1915年至1919年之间,欧洲发生战争,上海的殖民历史也随之经历了转折。在欧战之前,西方帝国主义19世纪以来在中国的影响力达到顶峰。在欧战期间,由于列强在本土卷入战争,在东亚的势力逐渐衰弱。尽管这种变化十分隐微,但在当时的局势中仍然发生了作用。其中最重要的是,日本人在上海的人数稳步增加,他们的活动能力也日益加大,逐渐取代了欧洲国家在中国沿海通商口岸的优势地位。这个趋势,在第一次世界大战之后的十余年间日益显著,直到1941年太平洋战争爆发,日本独步东亚,算是势力达到巅峰。与此同时,由于西方国家专注于欧洲的第一次世界大战,从而给予上海的华资工商业更大的发展空间。华资企业空前繁荣,中国的金融以及制造业开始与日本在上海的工商企业相互抗衡竞争。
新的经济繁荣带来了相应的社会代价。轻工业的发展吸引了大量农村移民进入城市。农村移民数量的大幅升高增加了城市社会里的张力。20世纪20年代被认为是上海社会史上最动荡不安的时期之一。五四之后、南京政府成立之前,上海出现了各种规模的罢工和抗议运动,劳资纠纷不断。

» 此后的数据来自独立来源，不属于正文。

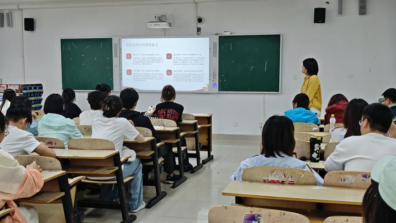 邵梅老师以“青春与党同行”为脉络,回顾了一代代中国青年在党的领导下为民族独立、国家富强不懈奋斗的光辉历程,从革命年代抛洒热血的青年志士,到建设时期扎根基层的建设者,再到新时代冲锋在前的青年榜样,生动诠释了“党有号召,青年有行动”的光荣传统。她结合新时代青年的成长背景,解读了新时代赋予青年的责任与荣光,鼓励同学们坚定理想信念,立足专业所长,将个人理想融入国家发展大局,以过硬本领回应时代召唤。现场氛围庄重热烈,同学们认真聆听、深受触动,纷纷表示将把爱国情、强国志转化为实际行动,在学习与实践中锤炼本领,以青春之我践行“请党放心,强国有我”的铮铮誓言。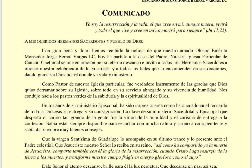 PODER Y CRÍTICA | REDACCIÓN | Muere el obispo Jorge Bernal Vargas a sus 95 años de edad, perteneciente a la Diócesis de Cancún-Chetumal, así fue confirmado este martes 11 de julio de 2023.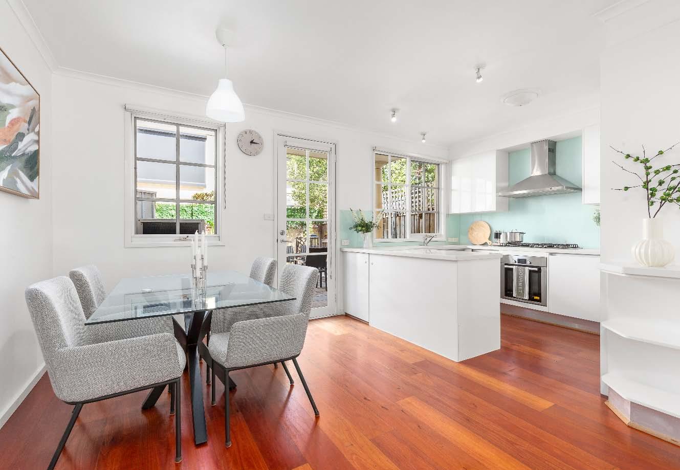 Showcasing stylish contemporary living, this modern inner-city townhouse offers an enviable low maintenance lifestyle with fantastic indooroutdoor living & entertaining spaces. Offering the best of both worlds - peaceful & private with all the lively action of vibrant St Kilda East literally just moments away, this stylishly appointed home presents an excellent opportunity for first home buyers or savvy investors. Beyond a striking green front door, timber floors flow from the entrance hallway right through to a wonderfully expansive open plan living & dining zone with built-in cabinetry. Here, a sliding door opens out to a vast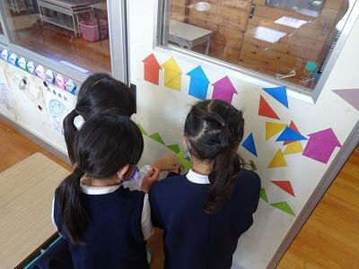 昨日の話題で持久走の練習のことを載せましたが、今朝は朝から運動場を走っている子供たちがいました。たぶん2年生のようでした。すすんで走ってがんばるな~と思いました。休み時間の1年生教室に行くとマグネットのいろいろな形の図形を並べて遊んでいました。とっても楽しそうにやっていたので、カメラをあわてて取りに行って撮りました。カメラを向いてニコニコの写真もあるのですけど、そちらはホームページには×なので、下の写真で様子を感じてください(^^♪。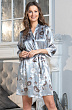 Короткий халат Mia-Amore с запахом, с рукавами длиной 3/4 выполнен из принтованного искусственного шелка. Планка халата отделана тонким кантом. По низу рукава оформлены ажурным кружевом. В боковых швах – карманы.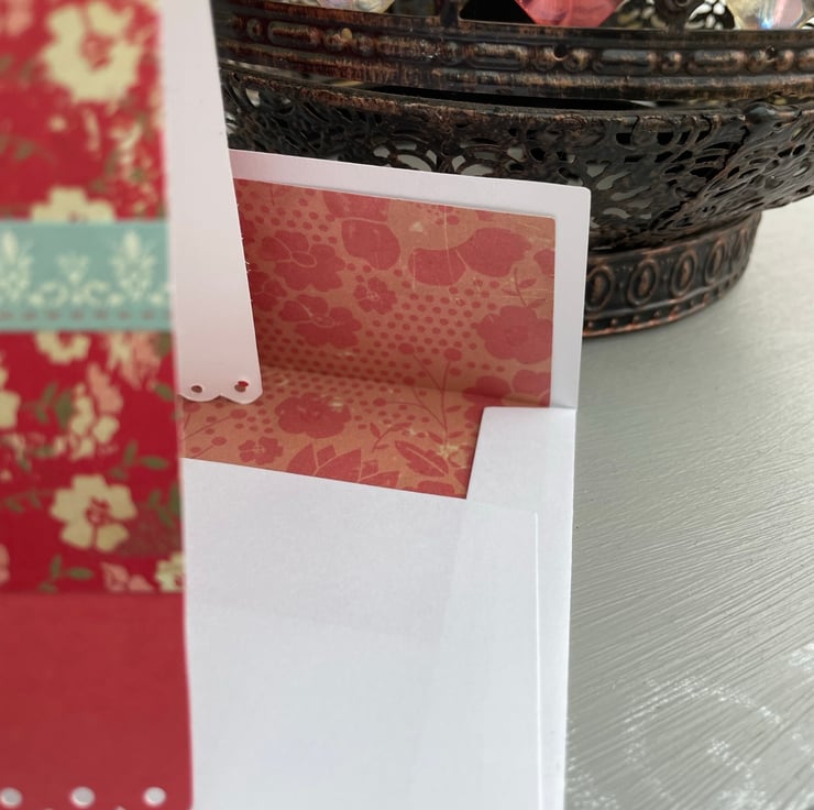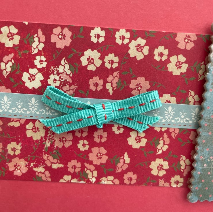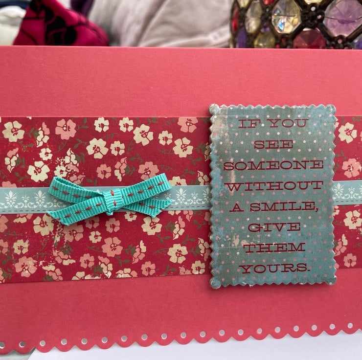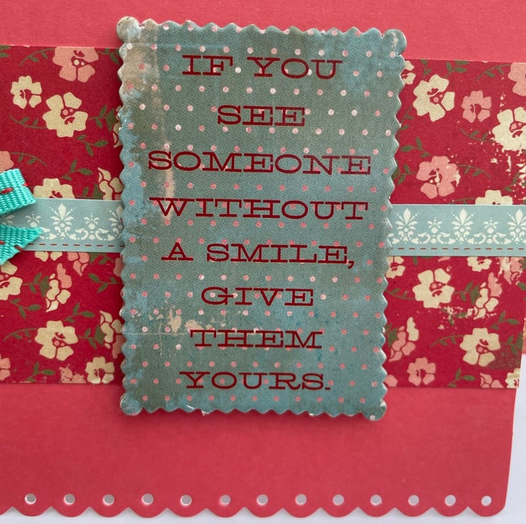 A lovely card with a lovely sentiment. This 17x11.5cm card has a red background that is topped with a strip of matching red floral paper which is topped with a turquoise patterned sticker strip. This is topped with a turquoise grosgrain bow and a chipboard topper that says If you see someone without a smile, give them yours, a very uplifting sentiment. Inside the card has the greeting With love. It has a matching envelope with a liner in matching paper.

在学校中,第一次世界大战的结束标志着中国学生政治运动新纪元的开始。[1]北京的五四事件引发了一场全国范围的学生抗议运动。[2]当北京五四运动爆发的消息传开以后,其他城市的大学生和中学生纷起仿效。在北京,学生们沿街游行并高呼爱国口号,抗议的对象不仅是日本,而且更针对所谓丧权辱国的北洋官吏。学生中的积极分子在全国许多省会城市的街头散发传单,发表演讲,长江下游地区的学生还组织了抵制日货和查抄不合作商店的活动。在上海,从北京来的学生代表联合当地学生、上海总商会以及江苏省教育会,组成了一个学界联合会,负责联系其他各界市民团体,共同进行抗议活动。他们举办了大型集会,参加集会的有成千上万的学生、商人、小职员、学徒、工匠、纺织工人、印刷工、脑力劳动者、公务员、公共汽车司机等。他们还号召进行全市总罢工,除了外国侨民拥有和经营的部门外,整个城市几乎完全停工。各地爱国集会的直接要求是中国政府拒签《凡尔赛和约》,并惩罚参与《凡尔赛和约》的外交官。当时许多城市没有大学,那里的学生运动,就由中学和高等师范学校的学生领导。那些更偏僻的连师范也没有的乡镇地,就由初等学校的高年级学生领导集会。北大和复旦的学生派出了代表,分赴各省,游说联络各地学生的抗议运动。在大城市里,那些在第一次世界大战期间新起的华资新式企业,往往同情或支持他们的爱国运动。[3]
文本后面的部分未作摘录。